How can I get a free HIPAA release form?

Molly asked...

How can I get a free HIPAA release form for my parents to sign?

Expert Answer

Barbara Repa, a Caring.com senior editor, is an attorney, a journalist specializing in aging issues, and the author of Your Rights in the Workplace (Nolo), now in its 10th edition.

Two places: directly from the medical provider or from this website.

Some doctors, hospitals, and other healthcare providers have their own release forms that they will give patients to complete. These authorize disclosure of all or some types of medical information.

If you have the luxury of planning in advance, contact all the doctors' offices and other medical providers you or the person in your care regularly visits. Find out the procedures they follow and whether they provide a specific form.

If a particular provider doesn't have a form, or you're not able to do this bit of sleuth work in advance, then download and fill out the Free HIPAA Release Form offered on this site.

If you've been trying in vain to find a form to use, you're experiencing a common frustration. The Health Insurance Portability and Accountability Act, or HIPAA, was passed with the best of intentions: to protect individual patient's medical records from being disclosed willy-nilly to anyone who asks to see their contents.

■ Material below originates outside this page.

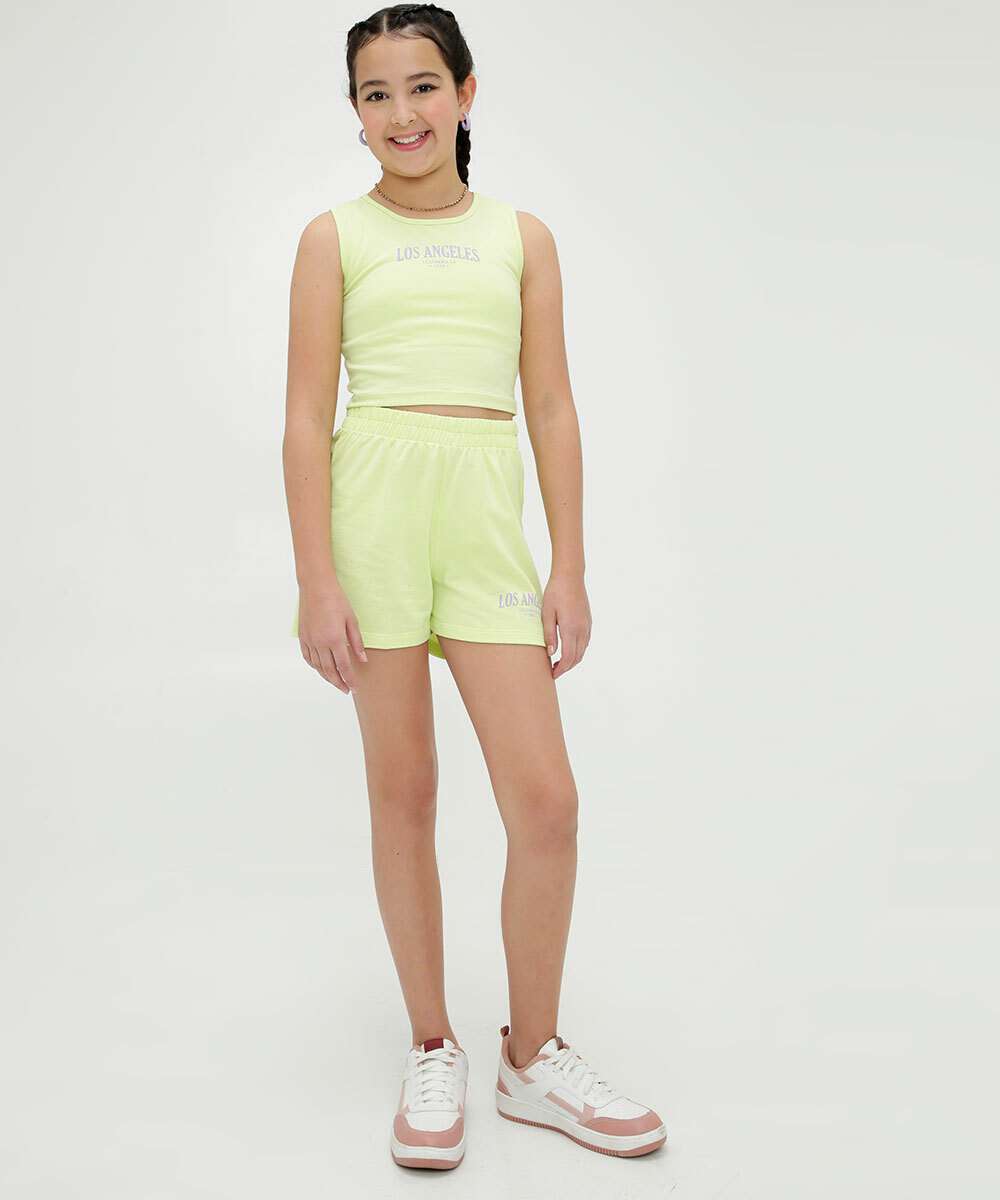 Short juvenil, ideal para meninas de 10 até 16 anos de idade, confeccionado em malha moletinho sem forro. Possui cós elástico, estampa frase próximo à barra, acabamento e costura no tom.

That law requires doctors and other healthcare providers to get written authorization from a patient before they can share most health information about him or her with a "third party" -- and that includes most caregivers, even those who are close relatives. The frustration comes in when a well-meaning caregiver needs particular information to make a good judgment about what medical care to lobby for or insist upon, but he or she doesn't have the written consent required by HIPAA. To make matters worse, there are no standard consent forms provided -- and precious little comprehensible information about what such forms must include.

Whether you get the written release authorization from the healthcare provider or use the one offered on this site, fill out each form, have the person in your care sign it, and keep two copies -- one for you and one for the person you're caring for. Then return the signed forms to the providers' offices.

Repeat this process every time you or the person in your care is about to enter a hospital or visit a new doctor.